*TASK TO COMPLETE*:
The answer is all of the data repeated exactly, with each picture omitted.

______________________________

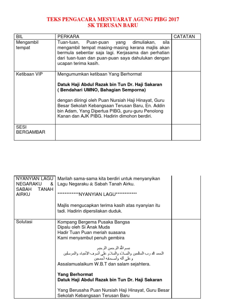Teks Pengacara Mesyuarat Agung Pibg 2017
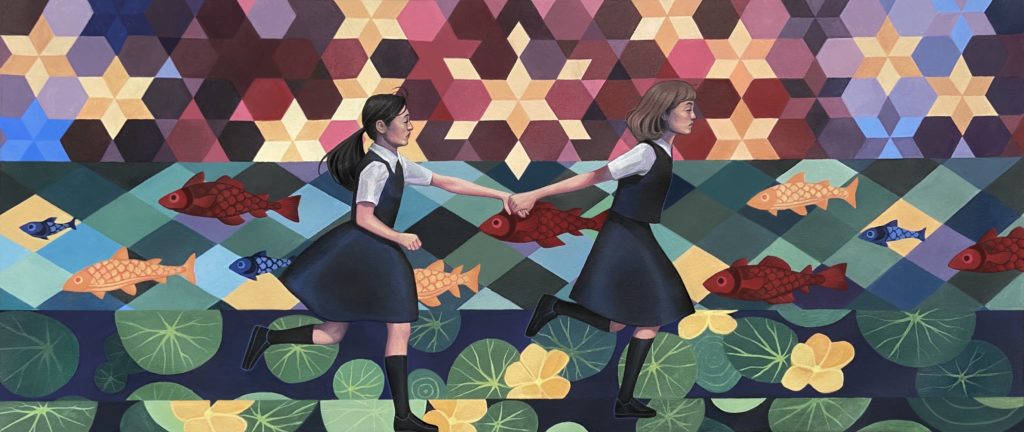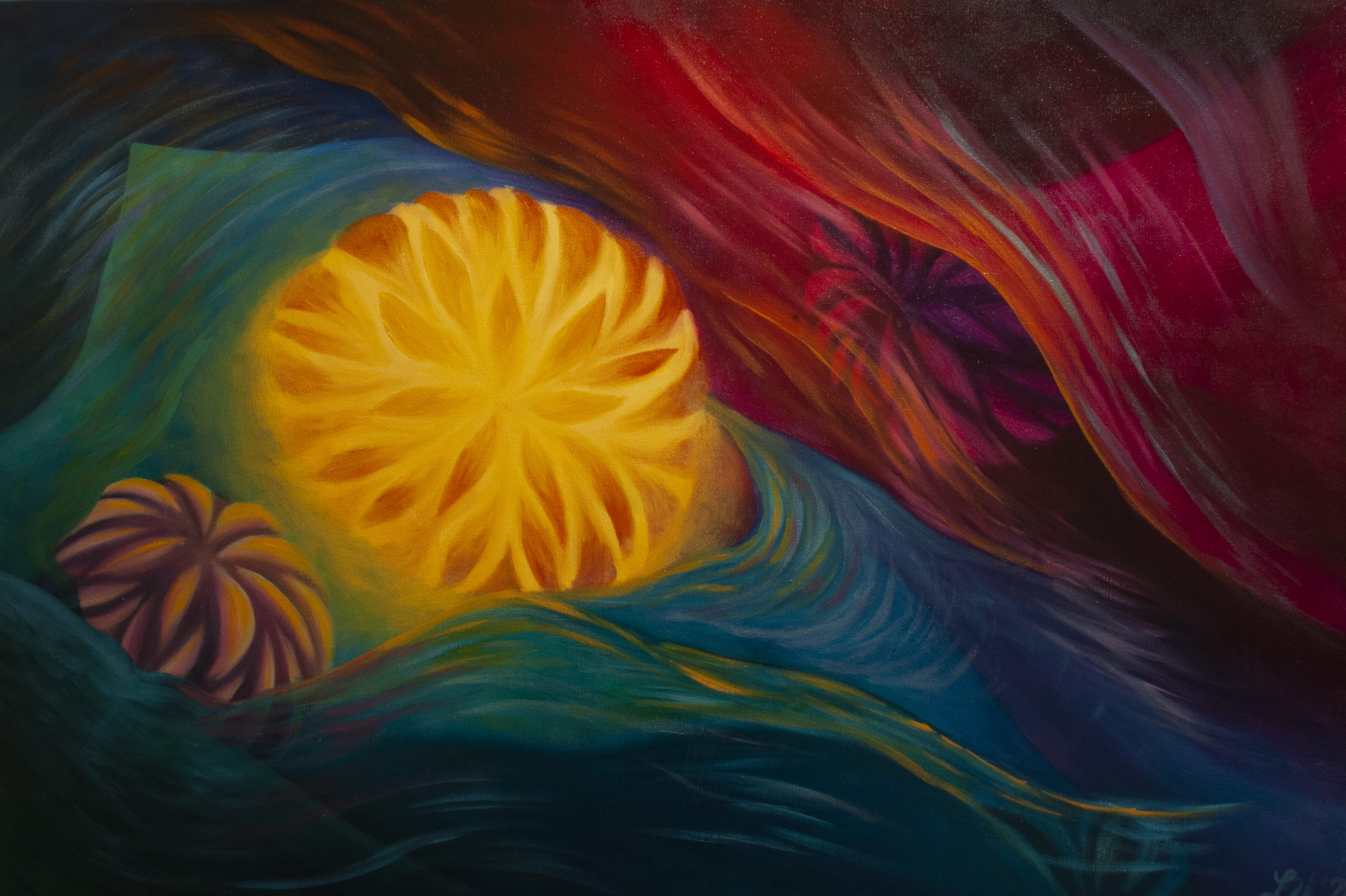 Being a current illustration student, I am able to further enhance the narratives of my work. I chose this path because storytelling is the force that drives all of my projects. I portray a variety of subjects and scenes, each with their own unique story and use many different materials, most often acrylic or oil paint. I enjoy combining whimsical and surrealist elements with realism. I use iconography and symbolism to add visual interest and give each piece its meaning. My personal experiences are woven into all my paintings. I use my negative experiences to create something beautiful and enhance the present beauty of my positive experiences. My worries, doubts, joys and hopes all combine into a visual anomaly of canvas and paint. I make my work personal to me yet open for others to interpret as their own. I hope to share the joy of storytelling with everyone that views my art.
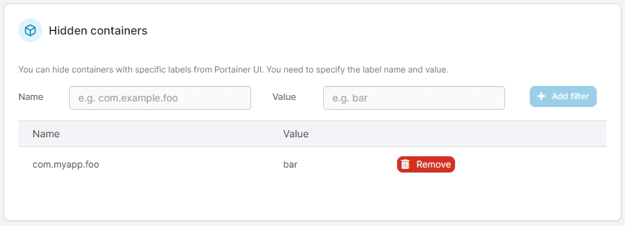 Stops a container from appearing in the Portainer UI through the container label. Enter the name and value of the label, then click Add filter. Containers with matching labels will be hidden.
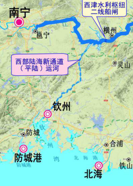 按照规划,该运河全长约140km。线路北起南宁市西津水库的平塘江口。顺着江口的沙坪河一路向南,然后开挖6公里,翻越一道分水岭连接到钦州的旧州江。再经“陆屋镇”,便可沿着钦江干流南下进入北部湾了。
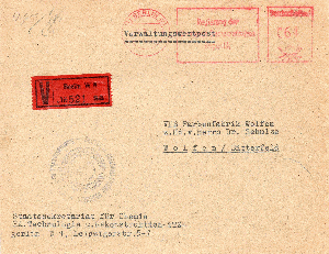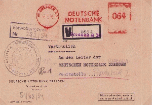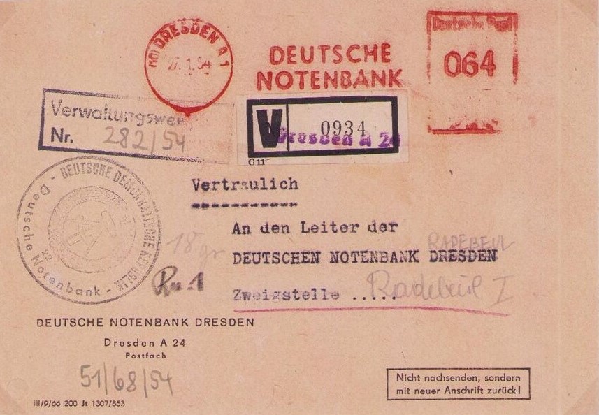 Interessant bei diesem Beleg vom Januar 1954 ist der verwendete R-Zettel auf weissem Papier vom Postamt DRESDEN 1, aufgegeben wurde der Brief von der Deutschen Notenbank, ferner wurde ein Rechteck-Stempel "Verwaltungswertpost" sowie ein violettes Dienstsiegel des Absenders aufgedruckt.
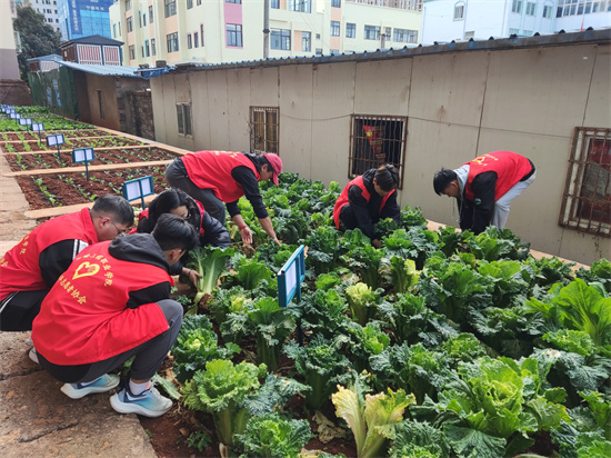 青年志愿者去到“东湖家.爱心菜园”里,把成熟的蔬菜采摘、打包,送往社区爱心食堂。爱心菜地也离不开志愿者们悉心照料,从翻土,播种,再到除草施肥,晴天帮忙浇水,雨天整理菜苗,每一件事都不能落下。志愿者们通过参与到爱心菜园的管理建设中来传递爱心,践行志愿服务精神。
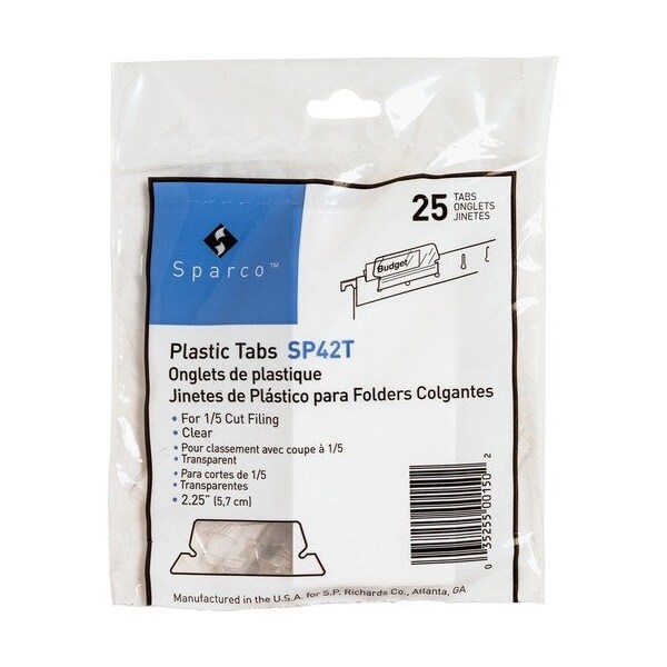 Use plastic clear tabs with Business Source or most other hanging file folders. Tabs are designed to easily slide into premade slots on the inside of hanging file folders. Tabs come with blank inserts for easy customization.
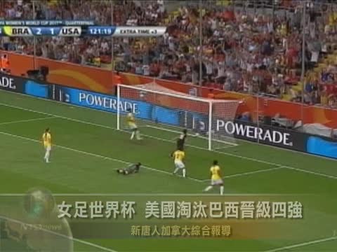 【新唐人2011年7月12日訊】在10日晚結束的2011年女足世界盃1/4決賽最後一場比賽中,老牌勁旅美國隊在加時賽補時階段,神奇扳平比分,又在隨後的點球大戰中五罰全中,淘汰巴西隊晉級四強。
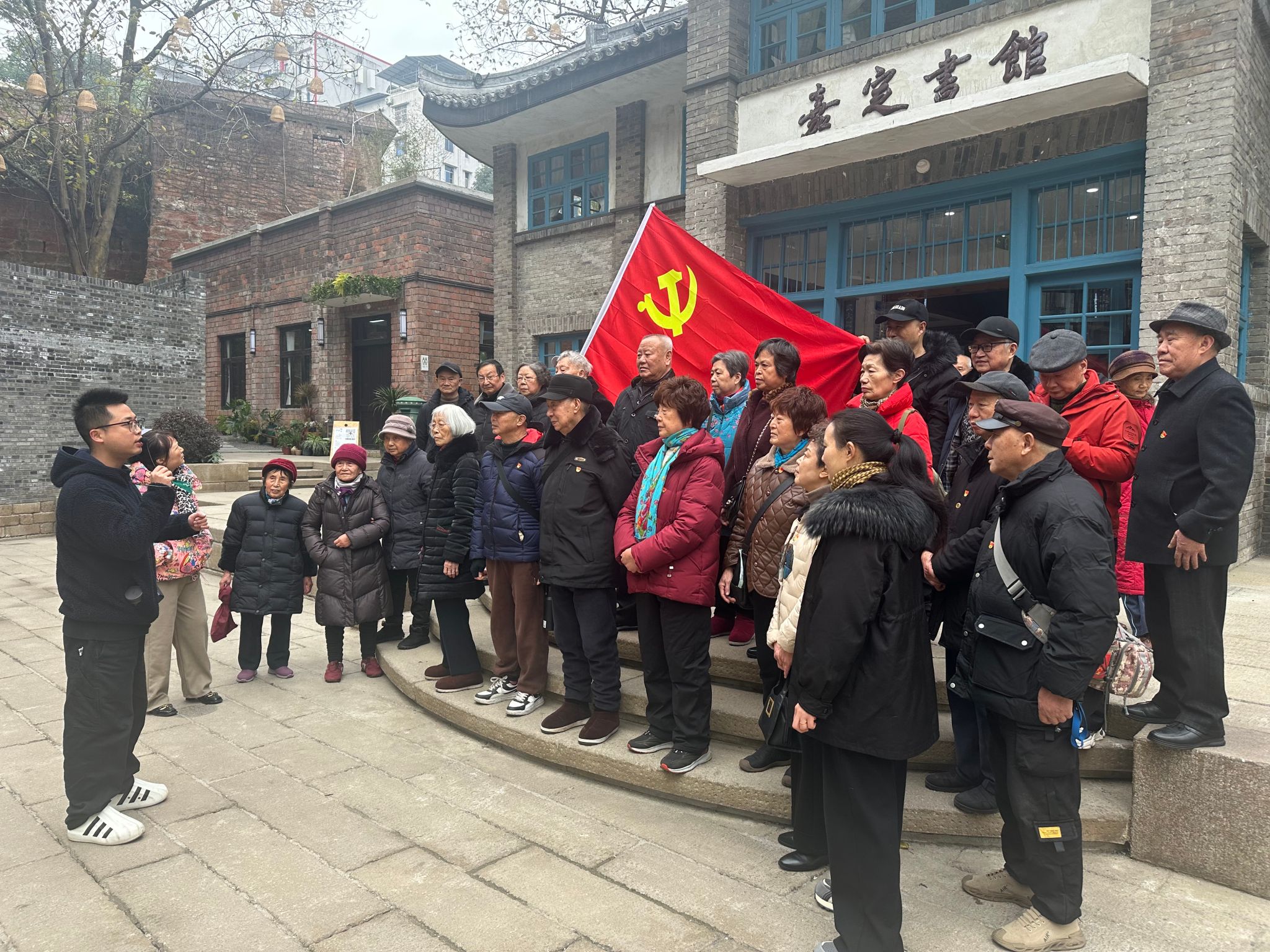 2026年1月15日上午10时,乐山市中区海棠街道县街社区党委联合beat365马克思主义学院,在乐山市嘉定书馆开展主题党日活动。马克思主义学院教师刘晓锐,以“嘉定书香传文脉,乐山精神映初心”为题作宣讲。
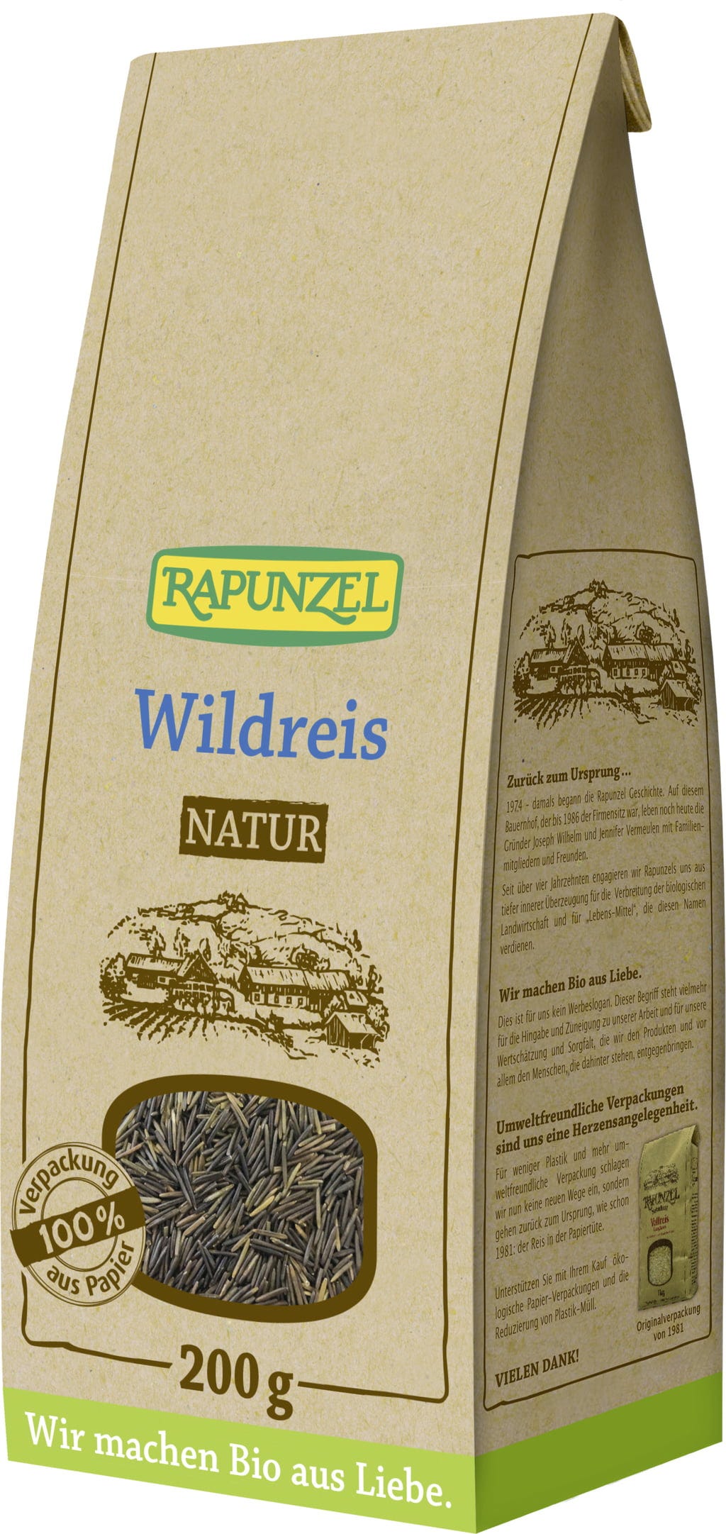 Je kunt de wilde rijst gebruiken als bijgerecht bij verschillende gerechten, als vulling in combinatie met groenten, in soepen of om salades mee te verfijnen. De wilde rijst van Rapunzel is afkomstig van gecertificeerde biologische productie.
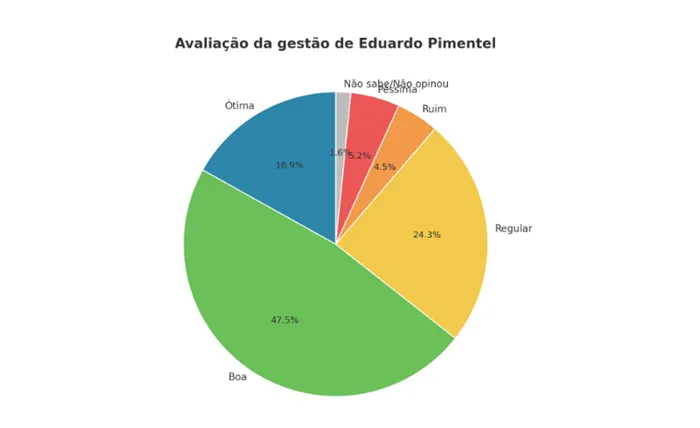 A avaliação da gestão de Pimentel foi considerada “ótima” por 16,9% dos entrevistados e “boa” por 47,5%. Já 24,3% classificaram a administração como “regular”. As avaliações negativas (“ruim” e “péssima”) somaram 9,7%, com 4,5% e 5,2%, respectivamente. 1,6% dos entrevistados não responderam ou não opinaram.
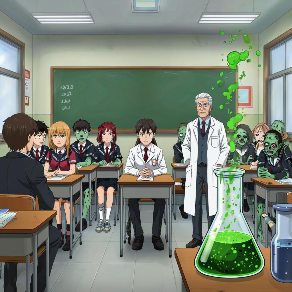 Жанр: Школьная комедия, пародия, повседневность Сеттинг:Средняя школа в Ракун-Сити, куда приняли «особенных» учеников --- 📚 ЭПИЗОД 1: «НОВЫЙ УЧИТЕЛЬ — БЫВШИЙ ЛИКВИДАТОР» СЦЕНА: Класс 3-А. Леон входит в дверь под аплодисменты. Леон: (в душащем костюме, с указкой) «Меня зовут Леон Кеннеди. Ваш новый классный руководитель.» Обзор класса: · Крис — староста, сидит с поднятой рукой ещё до начала урока · Хелена — отличница, делает конспект в виде тактической схемы · Джейк — бунтарь, ноги на парте, жуёт жвачку · Шерри — председатель школьного совета, уже составляет расписание дежурств · Ада — загадочная красотка у окна, читает «Искусство войны» Леон: «Итак, сегодня на уроке выживания...» Крис:(перебивая) «Учитель! Я уже прочитал весь учебник!» --- 📚 ЭПИЗОД 2: «ПЕРВЫЙ ЗУММЕР — ПЕРЕМЕНА!» СЦЕНА: Школьная столовая. Джейк: (тычет вилкой в котлету) «А она... шевелится?» Шерри:«Джейк, не играй с едой!» Внезапно из котлеты вылезает маленький зомби-таракан. Хелена: «Кажется, наш повар
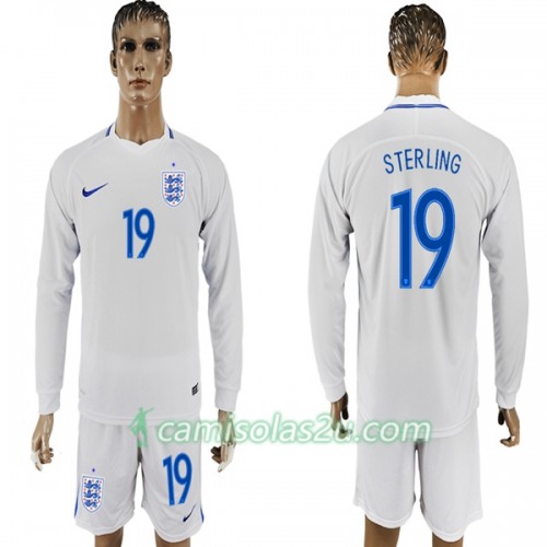 Camisolas de Futebol Inglaterra Sterling 19 Equipamento Principal Copa do Mundo 2018 Manga Comprida

______________________________

*RESPONSE BOX*:
Teks Pengacara Mesyuarat Agung Pibg 2017
 Being a current illustration student, I am able to further enhance the narratives of my work. I chose this path because storytelling is the force that drives all of my projects. I portray a variety of subjects and scenes, each with their own unique story and use many different materials, most often acrylic or oil paint. I enjoy combining whimsical and surrealist elements with realism. I use iconography and symbolism to add visual interest and give each piece its meaning. My personal experiences are woven into all my paintings. I use my negative experiences to create something beautiful and enhance the present beauty of my positive experiences. My worries, doubts, joys and hopes all combine into a visual anomaly of canvas and paint. I make my work personal to me yet open for others to interpret as their own. I hope to share the joy of storytelling with everyone that views my art.
 Stops a container from appearing in the Portainer UI through the container label. Enter the name and value of the label, then click Add filter. Containers with matching labels will be hidden.
 按照规划,该运河全长约140km。线路北起南宁市西津水库的平塘江口。顺着江口的沙坪河一路向南,然后开挖6公里,翻越一道分水岭连接到钦州的旧州江。再经“陆屋镇”,便可沿着钦江干流南下进入北部湾了。
 Interessant bei diesem Beleg vom Januar 1954 ist der verwendete R-Zettel auf weissem Papier vom Postamt DRESDEN 1, aufgegeben wurde der Brief von der Deutschen Notenbank, ferner wurde ein Rechteck-Stempel "Verwaltungswertpost" sowie ein violettes Dienstsiegel des Absenders aufgedruckt.
 青年志愿者去到“东湖家.爱心菜园”里,把成熟的蔬菜采摘、打包,送往社区爱心食堂。爱心菜地也离不开志愿者们悉心照料,从翻土,播种,再到除草施肥,晴天帮忙浇水,雨天整理菜苗,每一件事都不能落下。志愿者们通过参与到爱心菜园的管理建设中来传递爱心,践行志愿服务精神。
 Use plastic clear tabs with Business Source or most other hanging file folders. Tabs are designed to easily slide into premade slots on the inside of hanging file folders. Tabs come with blank inserts for easy customization.
 【新唐人2011年7月12日訊】在10日晚結束的2011年女足世界盃1/4決賽最後一場比賽中,老牌勁旅美國隊在加時賽補時階段,神奇扳平比分,又在隨後的點球大戰中五罰全中,淘汰巴西隊晉級四強。
 2026年1月15日上午10时,乐山市中区海棠街道县街社区党委联合beat365马克思主义学院,在乐山市嘉定书馆开展主题党日活动。马克思主义学院教师刘晓锐,以“嘉定书香传文脉,乐山精神映初心”为题作宣讲。
 Je kunt de wilde rijst gebruiken als bijgerecht bij verschillende gerechten, als vulling in combinatie met groenten, in soepen of om salades mee te verfijnen. De wilde rijst van Rapunzel is afkomstig van gecertificeerde biologische productie.
 A avaliação da gestão de Pimentel foi considerada “ótima” por 16,9% dos entrevistados e “boa” por 47,5%. Já 24,3% classificaram a administração como “regular”. As avaliações negativas (“ruim” e “péssima”) somaram 9,7%, com 4,5% e 5,2%, respectivamente. 1,6% dos entrevistados não responderam ou não opinaram.
 Жанр: Школьная комедия, пародия, повседневность Сеттинг:Средняя школа в Ракун-Сити, куда приняли «особенных» учеников --- 📚 ЭПИЗОД 1: «НОВЫЙ УЧИТЕЛЬ — БЫВШИЙ ЛИКВИДАТОР» СЦЕНА: Класс 3-А. Леон входит в дверь под аплодисменты. Леон: (в душащем костюме, с указкой) «Меня зовут Леон Кеннеди. Ваш новый классный руководитель.» Обзор класса: · Крис — староста, сидит с поднятой рукой ещё до начала урока · Хелена — отличница, делает конспект в виде тактической схемы · Джейк — бунтарь, ноги на парте, жуёт жвачку · Шерри — председатель школьного совета, уже составляет расписание дежурств · Ада — загадочная красотка у окна, читает «Искусство войны» Леон: «Итак, сегодня на уроке выживания...» Крис:(перебивая) «Учитель! Я уже прочитал весь учебник!» --- 📚 ЭПИЗОД 2: «ПЕРВЫЙ ЗУММЕР — ПЕРЕМЕНА!» СЦЕНА: Школьная столовая. Джейк: (тычет вилкой в котлету) «А она... шевелится?» Шерри:«Джейк, не играй с едой!» Внезапно из котлеты вылезает маленький зомби-таракан. Хелена: «Кажется, наш повар
 Camisolas de Futebol Inglaterra Sterling 19 Equipamento Principal Copa do Mundo 2018 Manga Comprida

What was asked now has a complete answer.